I'm doing some fall cleaning, purging my backlogs of email and such to start the new season fresh (and attend to any important long-overdue matters, of course. But mostly it's DELETE DELETE DELETE, a trick I learned from Bob Smyth). Found an issue of IMAGE Update that I'd set aside a couple Septembers ago because of this intriguing book review;
FATHER JOE
by Tony Hendra
One of the more interesting sub-genres of memoir these days is the “coming home” story: personal narratives written by individuals who abandoned their childhood religious faith in search of liberation and fulfillment, but who have returned after many years and vicissitudes. An early entry in this genre was Dan Wakefield’s Returning. More recently, we’ve been treated to Kathleen Norris’s Dakota. Given the fact that many of these writers are Boomers who got caught up in the sixties and seventies, there will undoubtedly be more volumes to come. They are to be celebrated, especially by those of us who may suffer from the “older brother of the prodigal” syndrome. A convert—or even a re-vert, to coin a word—brings a wealth of experience, suffering, and searching back into the community of faith.
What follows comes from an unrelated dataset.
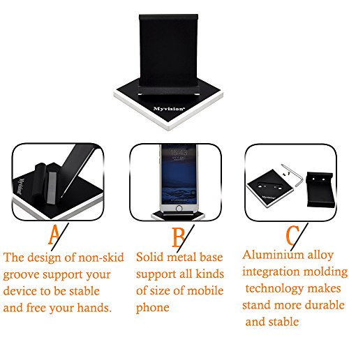 Phone Holder Android Cellphone Tablet Stand Myvision Solid Portable Universal Aluminum Desktop Smart Mobile Cell Phone Apple iPhone ipad iPad Mini iPod Touch Desk Office Kitchen Home Travel, Black

Another distinguished contribution to this category is Father Joe by Tony Hendra. His resume makes Hendra an unlikely presence in the realm of spiritual biography. He acted with John Cleese and Graham Chapman in the Cambridge Footlights troupe, a precursor to Monty Python; he was a founding editor of National Lampoon and helped establish its brand of no-holds-barred satire; he even did a turn as an actor (as “Ian Faith,” manager of the band in the hilarious mockumentary, This is Spinal Tap).
But as a boy he became deeply entranced by the Benedictine Quarr Abbey on the Isle of Wight in England. There he met a living saint, Dom Joseph Warrilow, or whom Hendra writes: “Gentleness and goodness come off him like aftershave.” After his youthful infatuation with the church and monasticism, Hendra went off into the wild and wooly world of satire, sex, drugs, and rock ’n roll. But throughout those years there were letters from Father Joe and occasional visits to Quarr Abbey. In the end, Hendra did come home. While this book is a memoir, it is also a funny, tender, moving tribute to one of those rare creatures: the living saint.
(There's a full review by Image editor Gregory Wolfe at First Things, and over at the NPR site there's interview with Tony Hendra)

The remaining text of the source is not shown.